The pace of fall was the second fastest since 19.5 percent in fiscal 1999.
The fresh bond issuance will top the 30 trillion yen mark for the first time in
four years on an initial budget basis. Former Prime Minister Junichiro Koizumi,
who served between 2001 and 2006, set the goal of keeping new government bond
issuance below 30 trillion yen to maintain fiscal discipline.

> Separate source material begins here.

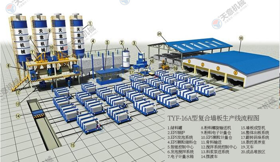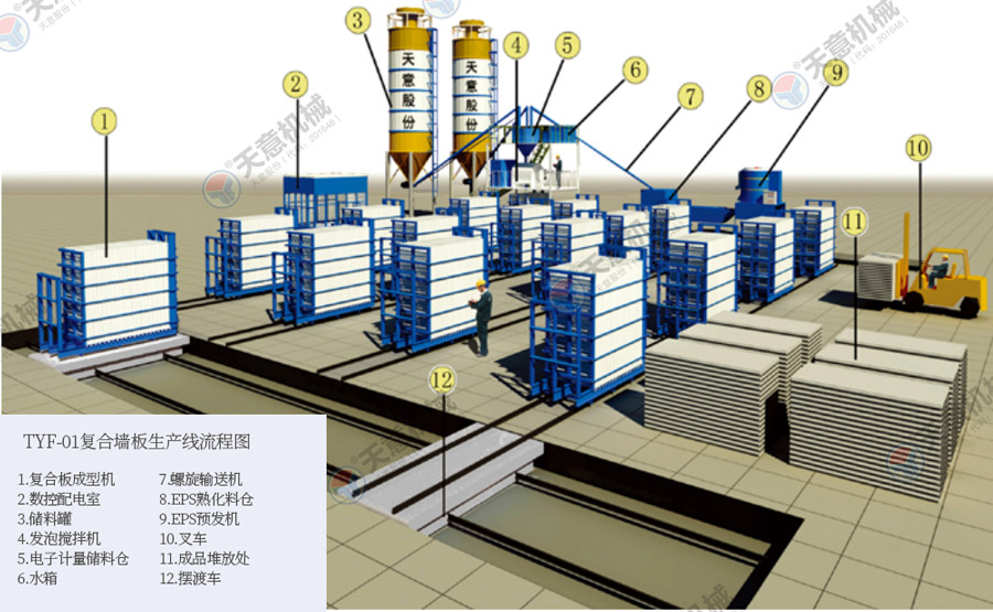TY12型墻板生產(chǎn)線包括:墻板成型機(jī)、整體穿抽管系統(tǒng)、發(fā)泡系統(tǒng)、水箱、電子計(jì)量?jī)?chǔ)料倉(cāng)、螺旋上料輸送機(jī)、儲(chǔ)料罐、螺旋輸送機(jī)、EPS熟化料倉(cāng)、硫化干燥床、EPS預(yù)發(fā)機(jī)、數(shù)控配電室、發(fā)泡攪拌機(jī)、整體出板系統(tǒng)、叉車(chē)、成品堆放區(qū)、擺渡車(chē)。

Funds raised by the bond issuance will cover 37.6 percent of total revenues in
the next business year, with the ratio rising rapidly from 30.5 percent in
fiscal 2008.
The nation's deficit in the primary balance -- annual tax revenues and non-tax
revenues minus outlays other than debt-servicing costs -- is expected to swell
to around 13 trillion yen from about 5.2 trillion yen in the initial fiscal
2008 budget.
The government has not yet ditched its goal of achieving a primary balance
surplus in fiscal 2011, but increased fiscal spending to tackle the downturn
has made it difficult without a step to boost revenues, such as the consumption
tax hike.
The draft budget allocates a record high of 51,731.0 billion yen in general
expenditures -- core policy-related outlays -- for fiscal 2009, up 9.4 percent
from the initial fiscal 2008 budget. It marked the fastest increase over the
past 20 years.
In addition to the 1 trillion yen special reserves, the budget sets aside
2,300.2 billion yen from state coffers to raise the government's contribution
to the nation's basic pension program from the current one-third to one-half
from April. Such outlays inflate the general expenditures.

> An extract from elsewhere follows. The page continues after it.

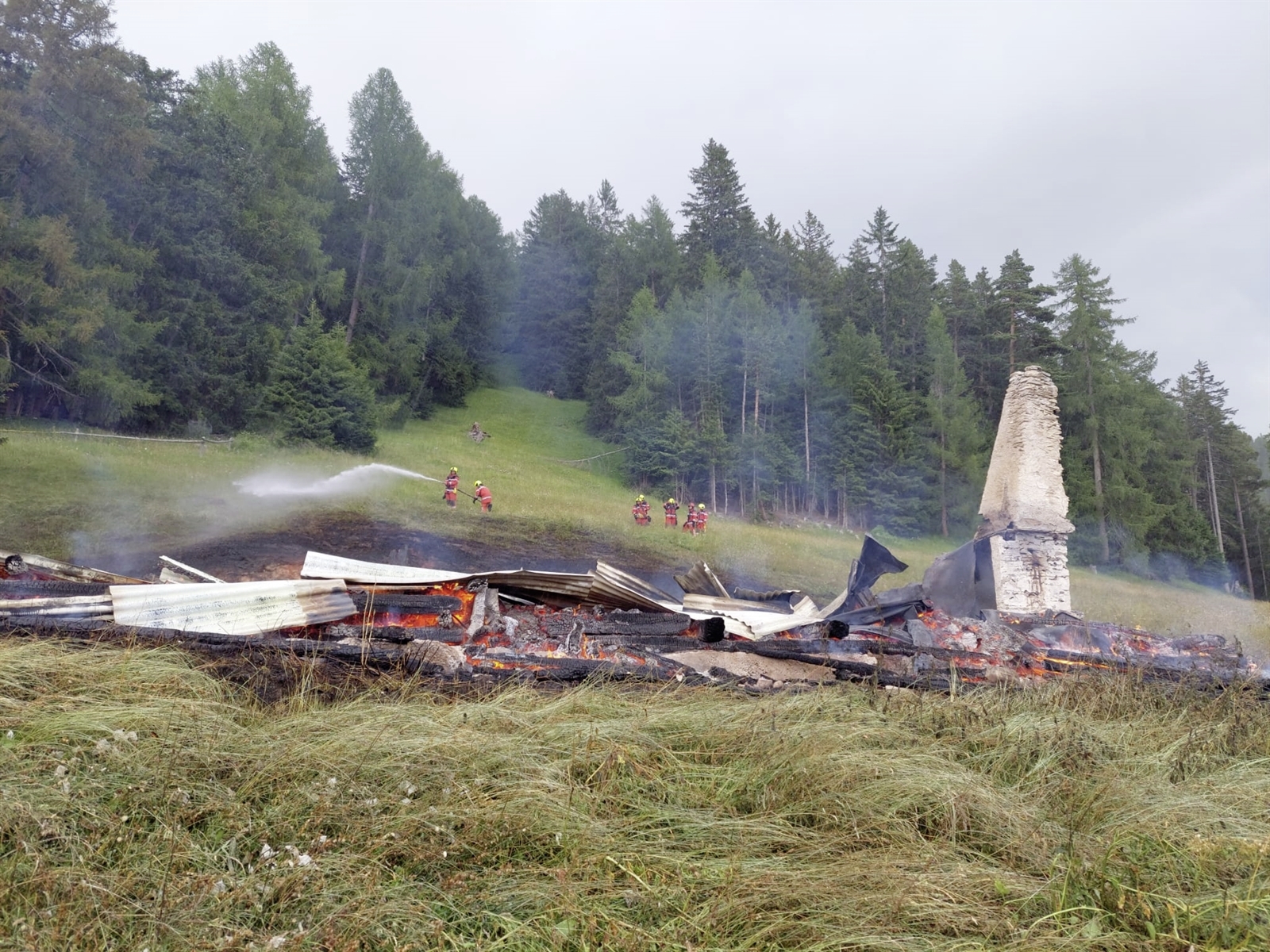 In Scheid GR ist am Samstagmittag ein Maiensäss mit Stall komplett niedergebrannt. Menschen und Tiere kamen nicht zu Schaden.

Reflecting Aso's call to boost support for local governments, whose financial
position has been squeezed by the plummeting corporate tax revenues, the budget
allocates 16,573.3 billion yen in tax grants to municipalities, up 6.1 percent.
The budget shows the government's efforts to observe an earlier set policy of
curbing natural increase in social security costs by 220.0 billion yen annually
have almost failed.
It stipulates the government will only slash 23.0 billion yen in medical costs
by promoting low-priced generic drugs. For the remaining amount, the government
will be exempt from cutting welfare costs as it has raked in stopgap financial
resources.
The government has committed itself to cutting other expenses such as public
works spending and foreign aid every year. In the ministry's draft, public
works costs will be effectively slashed by 5.9 percent from the previous year
and grants and technical aid will also slightly fall.
The ministry's plan also shows the government's fiscal investment and loan
program in the next fiscal year will grow 14.4 percent to 15,863.2 billion yen,
posting the first increase in 10 years. The boost is partly intended to help
support fundraising by cash-strapped firms.